I'll focus on the first of these subissues here, leaving the second to
you as an exercise. (If you take that as a challenge and would like to
herald your solution, let me know. I'd be privileged to share this forum
with a pattern compatriot.)

I. SINGLE-USER PROTECTION

Anyone who's used a computer intensively has a horror story to tell
about how he or she lost vital data through an unfortunate syntax
error, a wayward mouse click, or just one of those late-night
brain-faults. Deleting the wrong file at the right time is a common
catastrophe. Another is inadvertent editing---changing a file that
shouldn't be changed casually. While a truly advanced file system
would have an undo feature for recovering from such mishaps,
prevention is often preferable to cure. Sadly, most file systems give
you a different choice: prevention or regret.

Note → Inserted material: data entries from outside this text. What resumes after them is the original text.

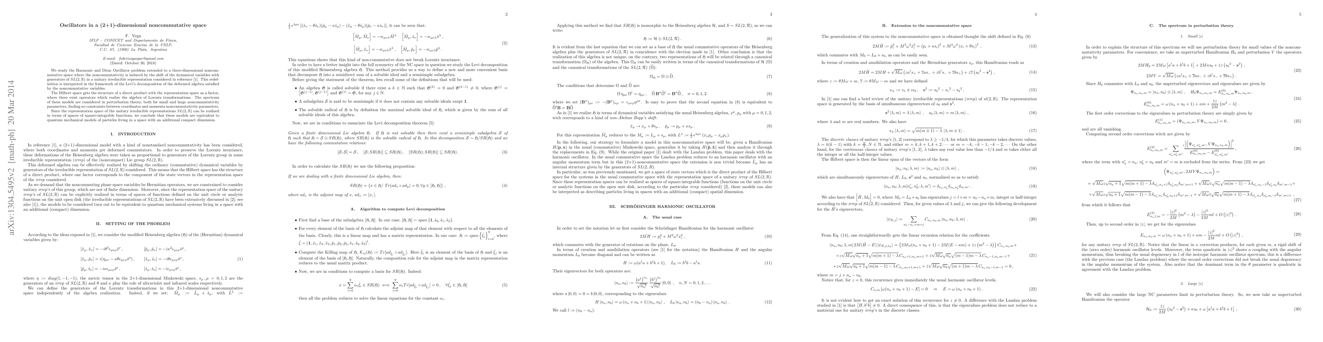 We study the Harmonic and Dirac Oscillator problem extended to a three-dimensional noncom- mutative space where the noncommutativity is induced by a shift of the dynamical variables with generators of SL(2;R) in a unitary irreducible representation. The Hilbert space gets the structure of a direct product with the representation space as a factor, where there exist operators which realize the algebra of Lorentz transformations. The spectrum of these models are considered in perturbation theory, both for small and large noncommutativity parameters, finding no constraints between coordinates and momenta noncom- mutativity parameters. Since the representation space of the unitary irreducible representations SL(2;R) can be realized in terms of spaces of square-integrable functions, we conclude that these models are equivalent to quantum mechanical models of particles living in a space with an additional compact dimension. PACS: 03.65.-w; 11.30.Cp; 02.40.Gh
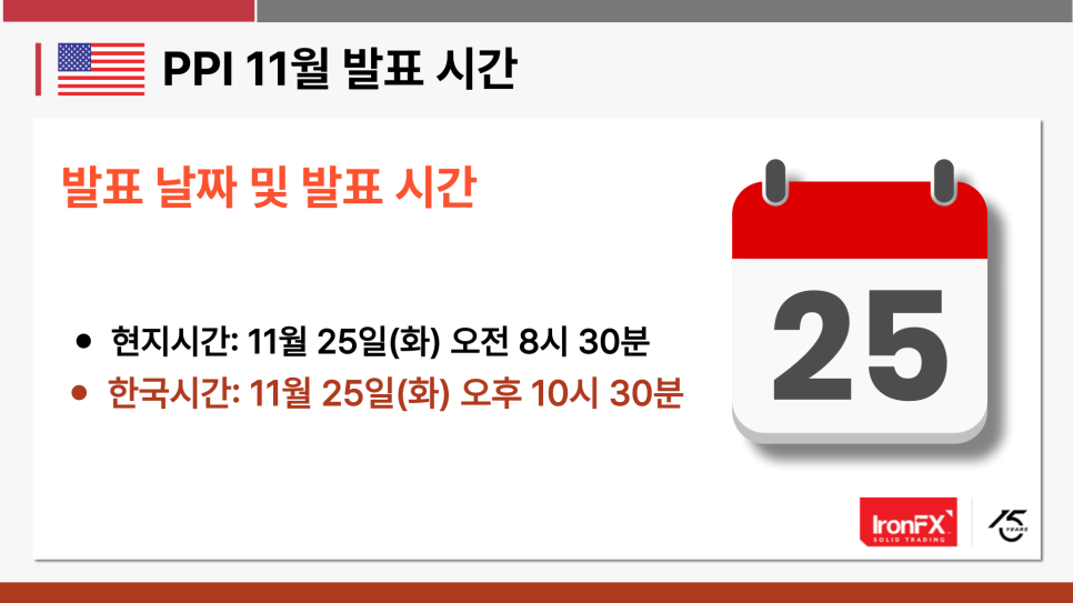 한국시간으로 환산하면 썸머타임이 끝났으므로 보통 밤 10시 30분이며, 이번 PPI 발표 시간은 한국 시간 11월 25일 화요일 오후 10시 30분입니다.
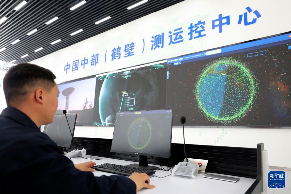 4月21日,工作人员在中国中部(鹤壁)测运控中心查看卫星运行情况。
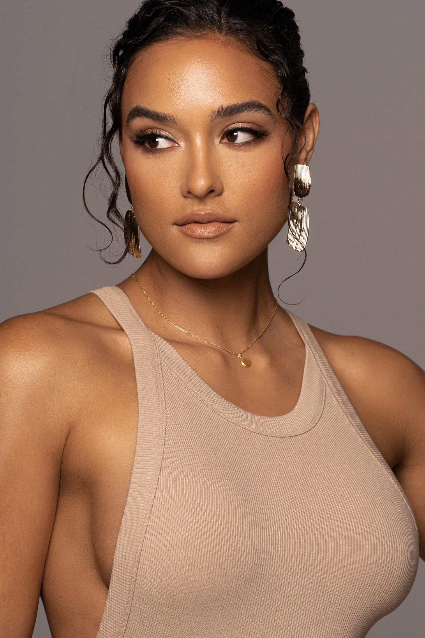 EXCLUSIVELY DESIGNED BY US FOR YOU.ย Our BEIGE SOUL SEARCHING DRESS is anย effortless classic. This essential midi dress is designed in a fully ribbed material and features a round neckline with non-adjustable tank shoulder straps that highlight a stylish cutout back. Stretchy.
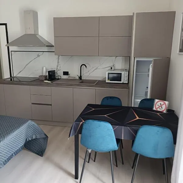 Stiloso bilocale terraceparking坐落于迪亚诺马里纳,距离巴尼德尔菲诺海滩有8分钟步行路程,距离Bresca Square有45公里,提供阳台和免费WiFi。这家公寓距离San Siro Co-Cathedral有45公里,距离Forte di Santa Tecla有45公里。 这家空调公寓配有1间独立卧室、起居室、带洗碗机和炉灶的设施齐全的厨房以及1间浴室。
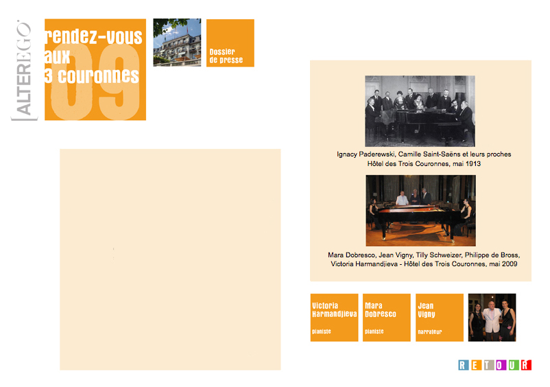 Il y a tout juste un siècle que quelques-uns parmi les plus illustres musiciens du 20e siècle ont élu pour domicile et lieu de travail la région de la Riviera: Igor Strawinski, Ernest Ansermet, Ignacy Paderewski, Maurice Ravel, Camille Saint-Saëns, Gustav Doret, Clara Haskil, etc. Cette précieuse kyrielle de compositeurs, interprètes et chefs d'orchestre a laissé une profonde empreinte dans la conscience culturelle commune de cette région et de la ville de Vevey. Et l'héritage de leur oeuvre est, sans doute,, encore porteur d'un élan et d'un potentiel créatif pour les artistes qui y travaillent actuellement.
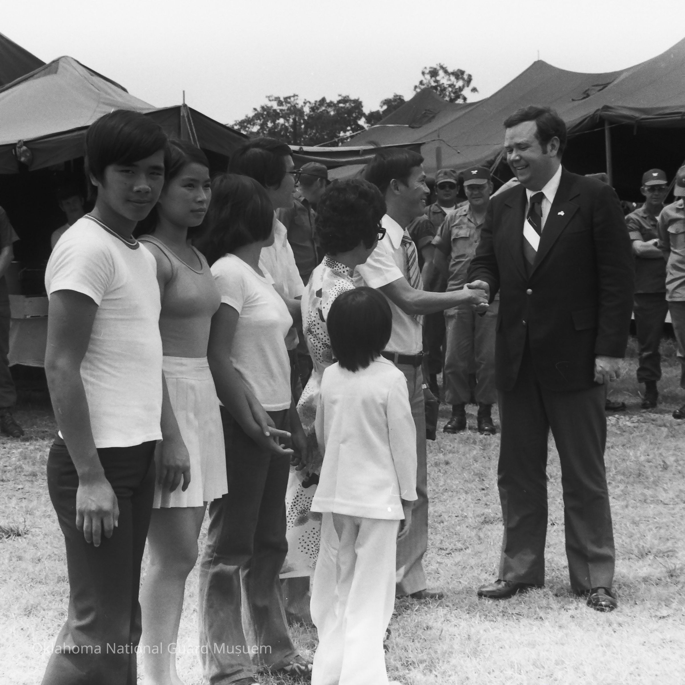 Negative of Govenor David Boren meeting a refugee family from Vietnam
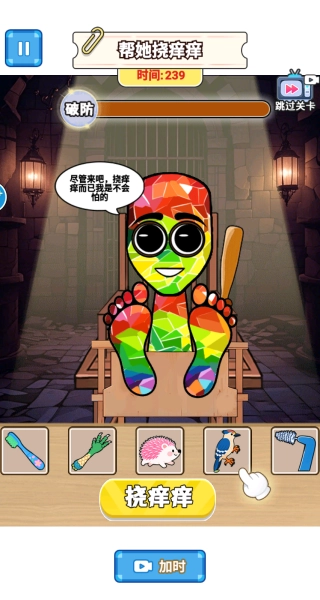 以钻石木棍人挠痒痒为例,你需要借助各类道具,协助她完成挠痒痒这件事。
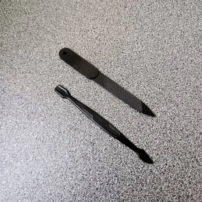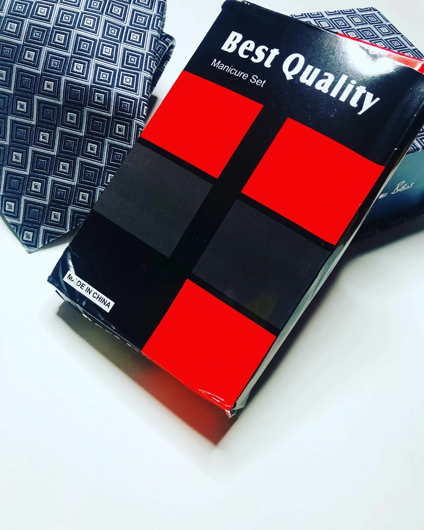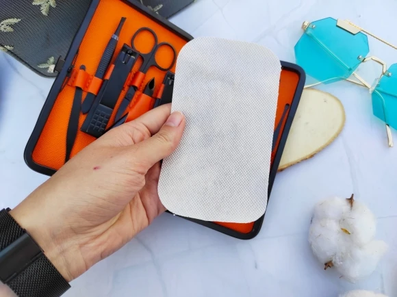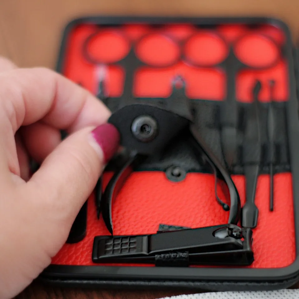 Доставка в Курск быстрая, пару дней курьером до квартиры. Упаковка хоть и в куче пупырки, но коробочка набора помчалась. Внутри всё целое. Я не любитель маникюра, мне легче заплатить, чтоб кто-то сделал, но для дома иметь наборчик маникюрных принадлежностей тоже нужно. Сам кейс матовый, черный, на замке, на который нужно нажать, чтобы открыть. Внутри всё лежит аккуратно на своих местах, даже есть пластиковые чехлы, чтобы внезапно не пораниться. Очень нравится, что весь набор в черном матовом оттенке, смотрится красиво. Из всего имеющегося пользоваться буду пинцетом, ножницами, приборами для кутикулы и для удаления чёрных точек. Пилочка, наверное, самое бесполезное из всего, так как не представляю, как такой можно нормально подпилить ноготь. Щипцами для стрижки ногтей пользуется молодой человек, ему ими удобнее (ещё удобно стричь когти кошке).
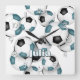 Este reloj de pared con temática de fútbol muestra la imagen de un grupo de balones de fútbol verde azulados, negros y blancos de tamaño variado - personalizar con el nombre del atleta - de katz_d_zynes

For now I'll concentrate on protecting file system objects (i.e.,
nodes) from deletion and modification.  I'll consider protection as it
relates to the programming interface rather than the user interface.
We needn't worry too much about that distinction, however, since our
programming abstractions correspond closely to user-level
abstractions.  Also, I assume we're dealing with a single-user file
system like you'd find on a classic, unnetworked personal computer (as
opposed to a multiuser one, like Unix). That will keep things simple
at the outset.  I'll consider the implications of multiuser protection
next time.

All elements of the file system (including files, directories, and
symbolic links) adhere to the Node interface, which currently includes
the following operations[footnote0]:

    const char* GetName();
    const Protection& GetProtection();

    void SetName(const char*);
    void SetProtection(const Protection&);

    void StreamIn(istream&);
    void StreamOut(ostream&);

    Node* GetChild(int);
    void Adopt(Node*);
    void Orphan(Node*);

I've said something substantive about each of these operations except
GetProtection.  Ostensibly it retrieves a node's protection
information, but what that means isn't clear yet. What kind of
protection are we talking about?

If we're aiming to protect nodes from accidental change or deletion,
then all we need is write protection---that is, the node can be either
writable or not writable. If we stipulate further that the node should
be protected from prying eyes, then we should be able to make it
unreadable as well. Of course, that will only protect it from eyes
that are both prying and *ignorant*---ignorant of how one changes a
node's protection.  Read protection might be useful for keeping stuff
away from your kids (or maybe vice versa), but it's not exactly
indispensable.  It will become more important in a multiuser
environment.

To recap, we know that nodes can be readable or unreadable, writable
or unwritable. Most file systems have additional protection modes
governing things like executability, automatic archiving, and so
forth. We can treat those kinds of protection in more or less the same
way as readability and writability. So I'll focus on just these two
modes to get the point across.

II. ENFORCEMENT

What effect do these protection modes have on a node's behavior?
Obviously, an unreadable file shouldn't reveal its contents, which
suggests that it shouldn't respond to StreamOut requests. Perhaps less
obviously, a client shouldn't have access to the children of an
unreadable node, if it has any.  So GetChild should be inoperative for
the unreadable node. As for writability, an unwritable node should let
you change neither its attributes nor its structure; hence SetName,
StreamIn, Adopt, and Orphan should be neutralized as well.
(SetProtection must be treated gingerly in this regard. I'll talk more
about that when we get to multiuser protection.)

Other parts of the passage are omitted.